Те чувства боли, обиды и разочарования маленького человечка Маша и сейчас легко может воспроизвести.

Травма, что вы хотите. “Кинг Конга” тоже долго прорабатывали. Успехи есть, но пока минимальные.

Родители никогда не говорили Маше, что она самая красивая и умная девочка на свете. Она и выросла с убеждением, что нет, не самая она. Не самая красивая. Не самая умная. Так, обычный человек. Серое ничтожество. Зряшное создание. Оттого и не вились вокруг нее хороводы ухажеров, а припал лишь этот несчастный абьюзер Гена.

Хороводы у самых красивых пасутся, им не до Маши.

Все, что дорого, папа с мамой могли легко отнять. Все, что есть у тебя своего, говорили они, это насморк под мокрым носом. Побольше поплачешь, поменьше в нужнике посидишь. Твои чувства – чепушка, чешуя, мелочь. Сама ты – ничтожная былинка на ветру.

Вот и все, что слышала Маша в отчем доме.
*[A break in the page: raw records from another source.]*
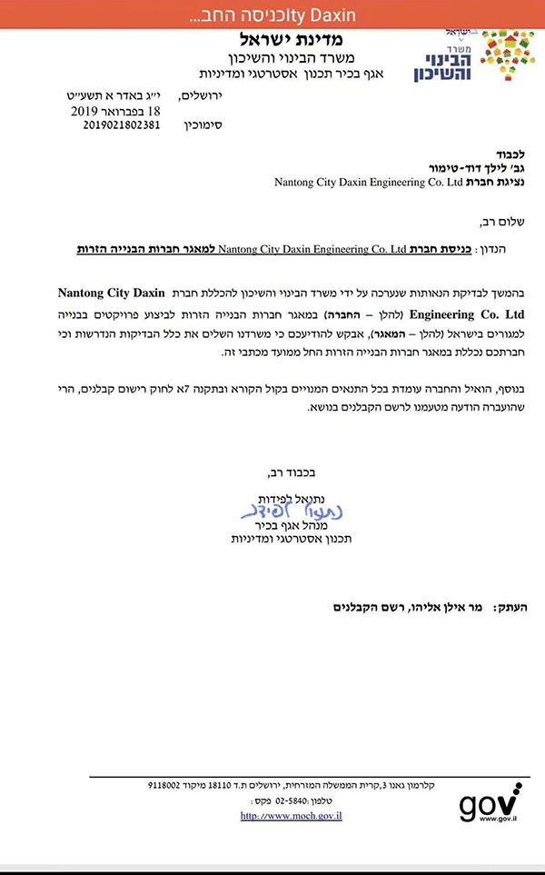 近年來(lái),達(dá)欣集團(tuán)積極響應(yīng)國(guó)家“走出去”和“一帶一路”戰(zhàn)略,大力發(fā)展國(guó)際工程承包業(yè)務(wù),此次中標(biāo)以色列承包商資格,將為集團(tuán)進(jìn)一步拓展海外市場(chǎng)提供新的契機(jī)。
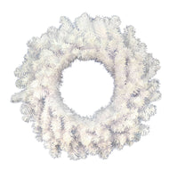 Vickerman 24" Crystal White Spruce Artificial Christmas wreath with 110 PVC tips. Incorporate bright and modern holiday décor into your space with this beautiful white wreath. The white PVC tips feature a glossy finish for an eye-catching effect. A great holiday accent for your front door or mantle, this wreath comes unlit and measures 24" across the diameter from the end of one tip to another.
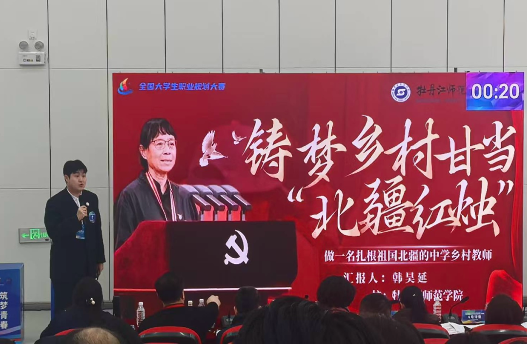 自2024年11月大赛启动以来,公司高度重视,伟德国际victor1946精心组织,经各公司积极宣传动员,全校共有18个二级公司3784名在校员工报名。公司积极组织开展专题培训,经过校赛选拔,遴选推荐12 名选手参加省级初赛,最终历史与文化公司韩昊延同学晋级省级决赛。决赛中,韩昊延同学通过童年经历、公司特色以及个人努力等方面,详细地介绍了自己的职业梦想和能力适配程度。在答辩环节,他从自我价值的实现和学术戍边的理想出发,表明了要用自己的力量铸梦边疆,助力乡村全面振兴的决心和勇气,赢得了评委老师和在场嘉宾的一致好评,最终以94.26分的好成绩斩获成长赛道金奖,展现了牡师青年的红烛精神和师范底色。
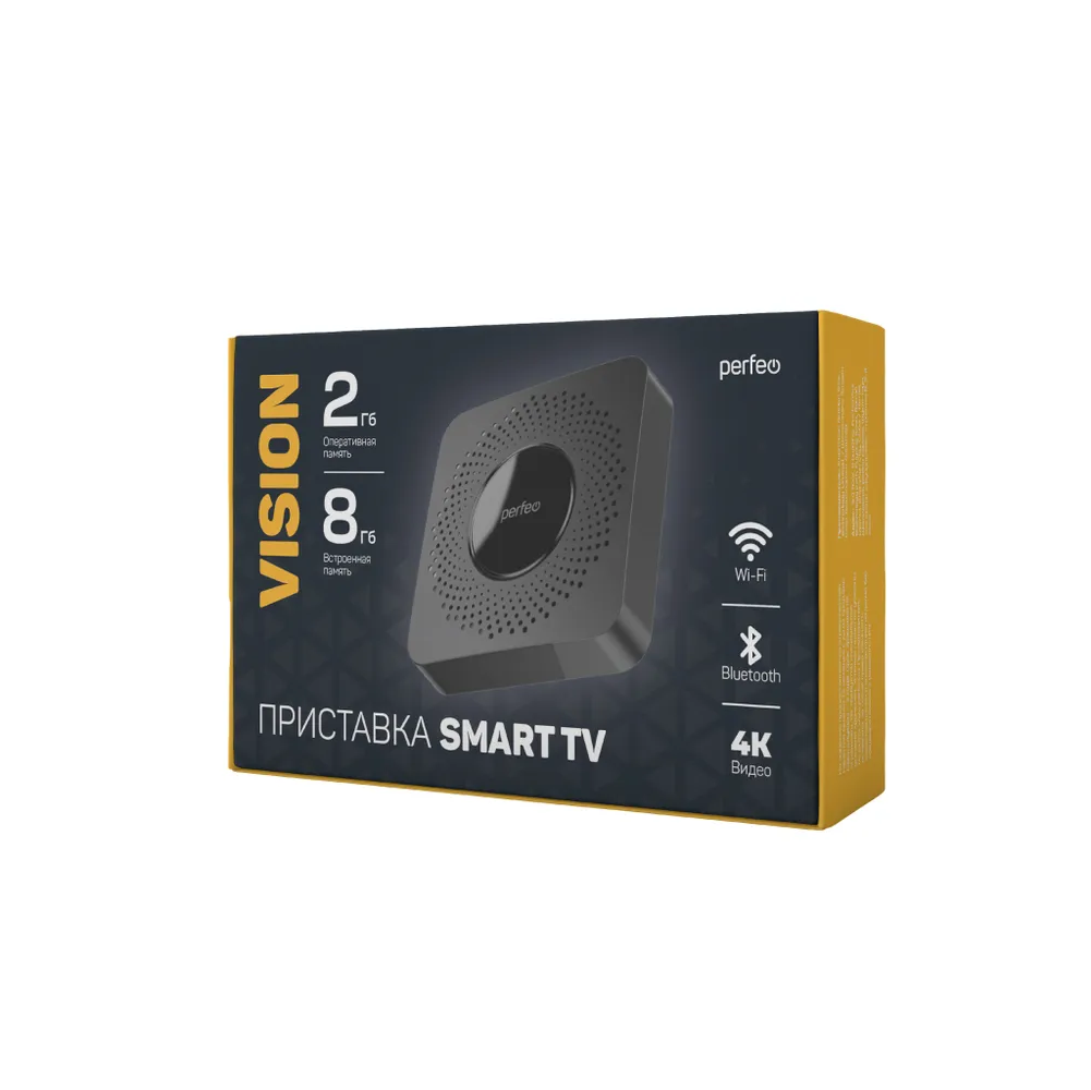 Смарт-ТВ приставки Perfeo Smart TV Box PF_A4559 Vision 2/8" Allwinner H618 Android 12, 2Gb/8Gb Пульт Bluetooth
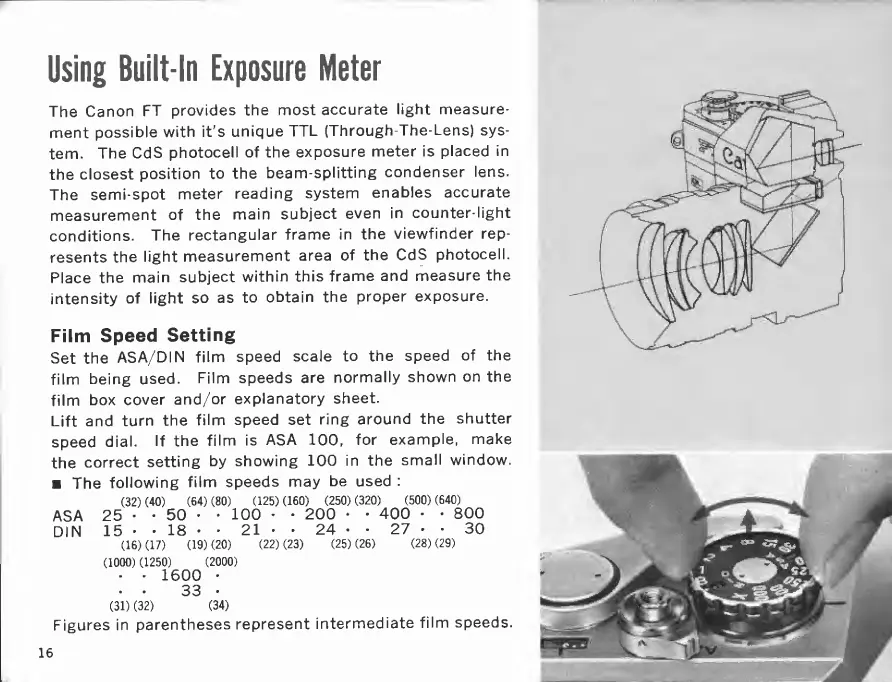 Canon FT QL - Using Built-In Exposure Meter; Film Speed Setting
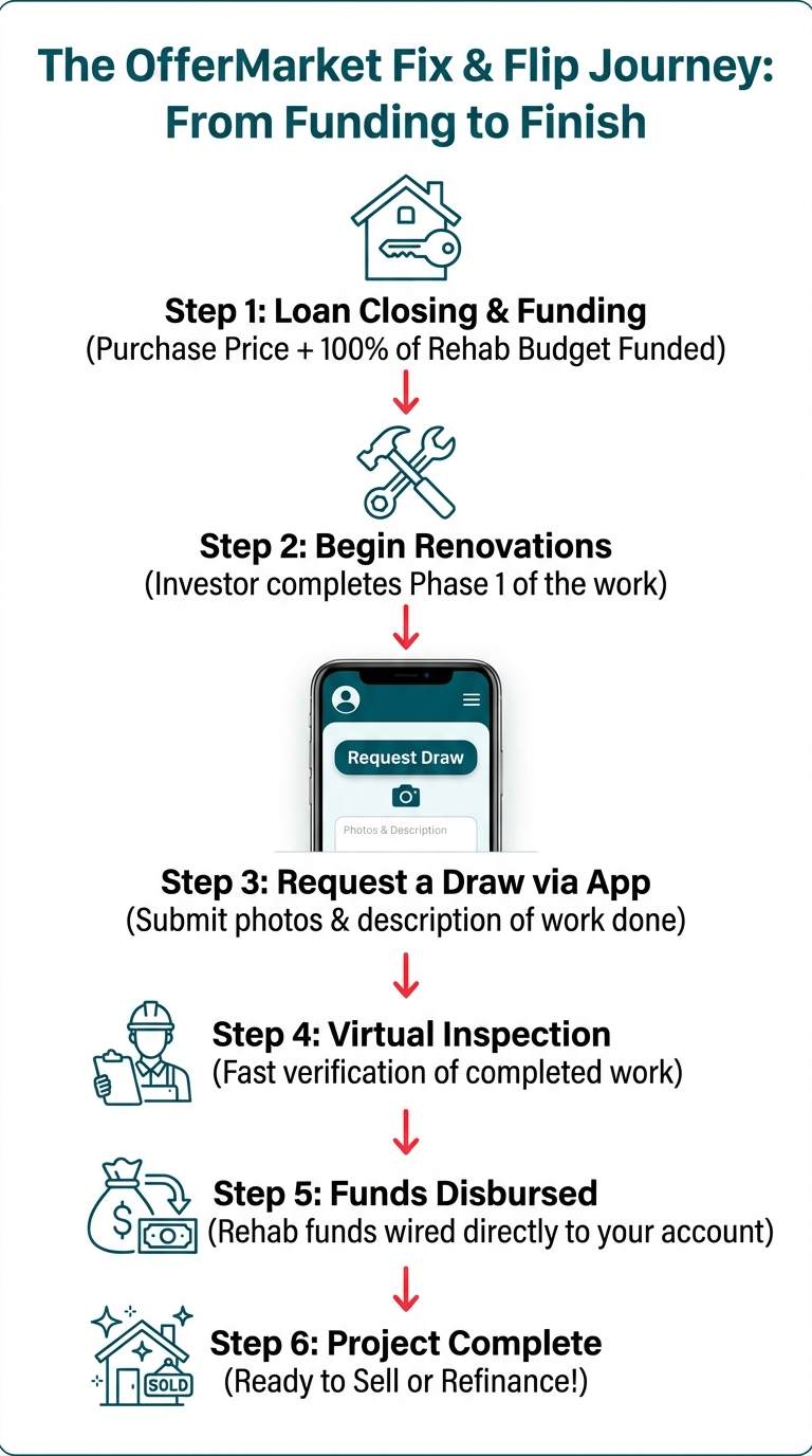 This seamless experience is powered by a robust, tech-enabled platform. From the moment you engage with OfferMarket, the difference is clear. You can get an instant, data-driven loan quote in minutes, not days. The platform leverages desktop appraisals to accelerate property valuation and features an intuitive app-based draw management system, allowing you to request and receive renovation funds directly from your phone. This technology isn't just for show; it's designed to remove friction and accelerate your project timeline.

Хотя она и не была уверена в полной мере про “былинку” и “чепушку”, но что-то на подсознательном уровне ей отзывалось, что-то побаливало в душе.

И с таким трагическим багажом она вошла во взрослую жестокую жизнь. С нулевой самооценкой, с оголенной израненной сердцевиной. В эту сердцевину прыгали грязными сапогами поочередно то муж Гена, то родители, то коллеги-библиотекарши, а то и просто прохожие, специально толкавшие Машу плечами.

Вера Модестовна рекомендовала Маше взращивать самооценку всевозможными доступными способами. “Не жалейте для себя ничего, Машенька…Баюкайте своего внутреннего ребенка, гулите ему, пойте песенки, балуйте его…Позвольте ему, этому внутреннему ребенку, быть любимой маминой малышкой. Поглаживайте себя там, где особенно болит. Говорите слова любви ему, додайте любви ему…”.

Маша баюкала себя, гулила и пела. Поглаживала места, где пульсировала боль. А пульсировала она отчего-то везде. Уверяла внутреннего ребенка в безграничной любви к нему. Муж Гена посматривал на все это немного с опаской. Ему казалось, что Маша слегка поехала разумом. Поскорбела и так не сильно здоровой своей головой.

Он даже предлагал Маше не страдать глупостями, а родить ребенка. Машин внутренний малыш в такие моменты сиротливо подвывал или привычно обиженно отворачивался от злого дяди Гены. И сидел так – одинокий, недолюбленный, израненный.

Вера Модестовна вообще-то Гену осуждала. Настаивала, что Гена – тот еще абьюзер. Маша, как поясняла Вера Модестовна, взрощенная в обстановке морального насилия, обесценивания и нелюбви, просто не могла бы в принципе разжиться достойным спутником жизни. Взяла то, что дали. А дали абьюзера. Этот Гена отрабатывает свои мужские комплексы на Маше, использует ее податливые душу и тело.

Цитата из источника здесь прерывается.